When they perform their investigation, they search the computer’s hard drive, and with the hard drive, most people don’t know how to completely delete something. Just because you hit delete, go back into the trash and delete it again, that’s still not taking it off the hard drive. So there are forensics teams that can easily take every little bit of stuff you’ve ever put on your computer. If you think about all the stuff that your friends might have sent you, some of your more classless friends might have sent you or something you might have gotten on some website you didn’t want to go to, if any of this stuff stays on your computer, you’ve got problems because in this state, child pornography is a class 1, non-probationable offense.

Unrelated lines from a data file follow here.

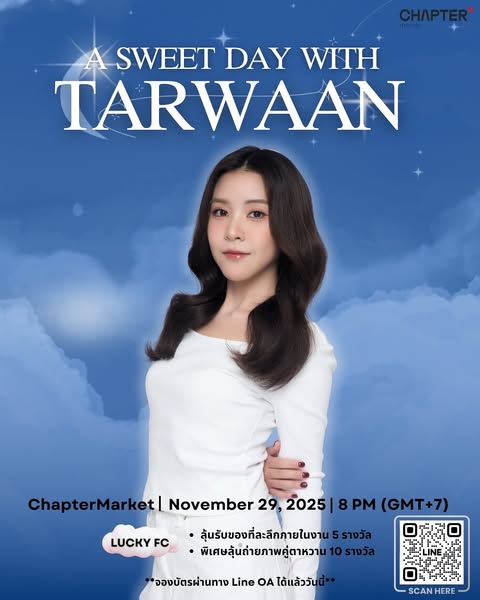 น้องกำลังซุ่มเตรียมของขวัญสุดพิเศษไว้ให้แบบตั้งใจสุด ๆ สำหรับแฟนคลับผู้โชคดีในงาน A Sweet Day with Tarwaan ที่ Chapter Market 🎁💗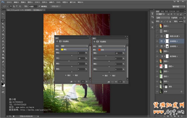 8、再次用可選顏色調(diào)整一下整個畫面的顏色,從而使整體的色調(diào)統(tǒng)一下。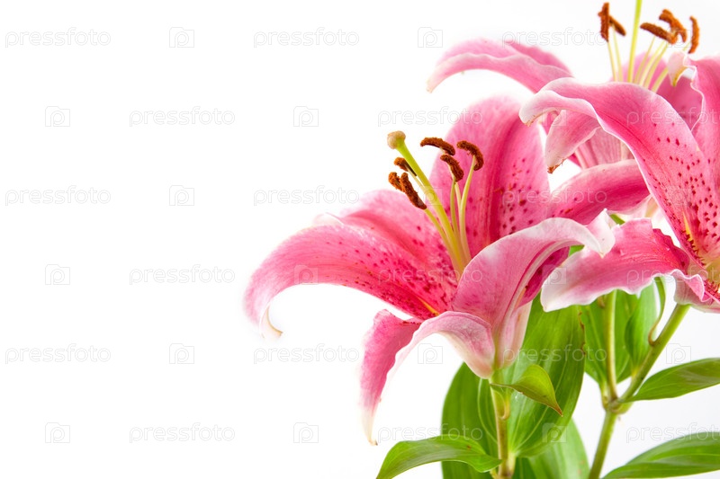 Цветы розовой лилии на белом фоне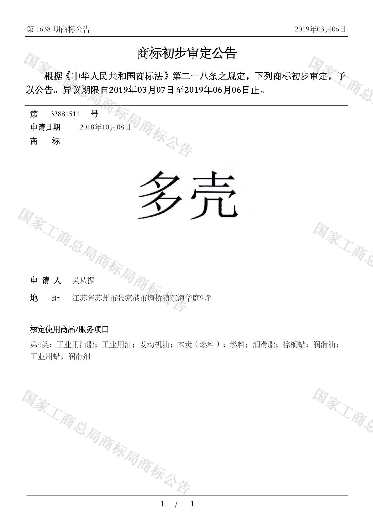 0401-发动机油;0401-工业用油;0401-工业用油脂;0401-润滑剂;0401-润滑油;0401-润滑脂;0402-燃料;0403-木炭(燃料);0403-燃料;0404-工业用蜡;0404-棕榈蜡 - 1638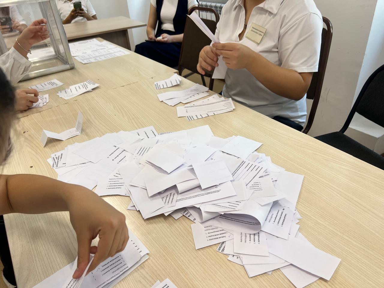 Дауыс беру аяқталғаннан кейін комиссия бақылаушылардың қатысуымен дауыстарды санады және нәтижелерді жариялады.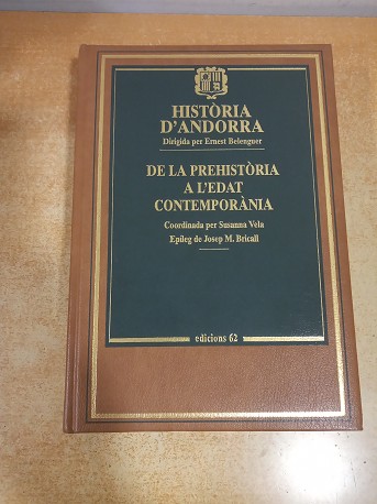 Història d´Andorra vol completar la sèrie de col·leccions iniciada el 1987 amb Història de Catalunya, i continuada amb Història del País Valencià i Història de les Illes Balears, tot un conjunt d´obres que constitueixen una referència indiscutible en la historiografia dels territoris de parla catalana.Obra dirigida pel catedràtic d´Història Moderna de la Universitat de Barcelona Ernest Belenguer, reuneix en un sol volum als més prestigiosos coneixedors de la història de l´estat veí, tant andorrans com catalans.Enquadernat en símil de pell i or.Il·lustrat amb prop de 200 fotografies, gràfics i mapes inserits en el text.Índex:- L´evolució de la histografia andorrana - Aspectes polítics i socials a l´Andorra de l´època moderna- Els orígens del poblament de les valls d´Andorra - Tradició i canvi polític a l´Andorra del segle XIX - El Neolític - El poblament a Andorra - Andorra entre els segles I-V - L´Andorra de la primera meitat del segle XX- Andorra entre els segles VI-XI- L´evolució política del 1945 al 1993- Andorra entre els segles XII-XV- El Romànic a Andorra - La població andorrana a l´època moderna - Arquitectura d´autor a Andorra: 1860-1960 - L´economia andorrana moderna (1550-1815)- Epíleg: L´Andorra actual des de 1990Col·leccions/ Obres relacionades: Història de CatalunyaHistòria de les Illes BalearsHistòria del País ValenciàCronologia de Catalunya, País Valencià i Illes BalearsDiccionari d?Història de Catalunya Atles d?Història de Catalunya

I had a client, whom the police were investigating to see if he had been having sex with an underage girl. He was older, and she was just turning 17 but wasn’t 17 at the time of the investigation. When they were looking for evidence, the police grabbed his computer, and they found naked pictures that she had sent to him of herself when she was 15. Just having that on the computer could subject him to mandatory prison, four to 15 years, and lifetime registration as a sex offender. That’s not how this case will end, though. It’s a harsh sentence, especially considering the fact that the other person was consenting. But that’s just what the statute says. So you have to look at the statute and consider the fact that it’s a very harsh penalty for something that a lot of people could get sucked into unknowingly.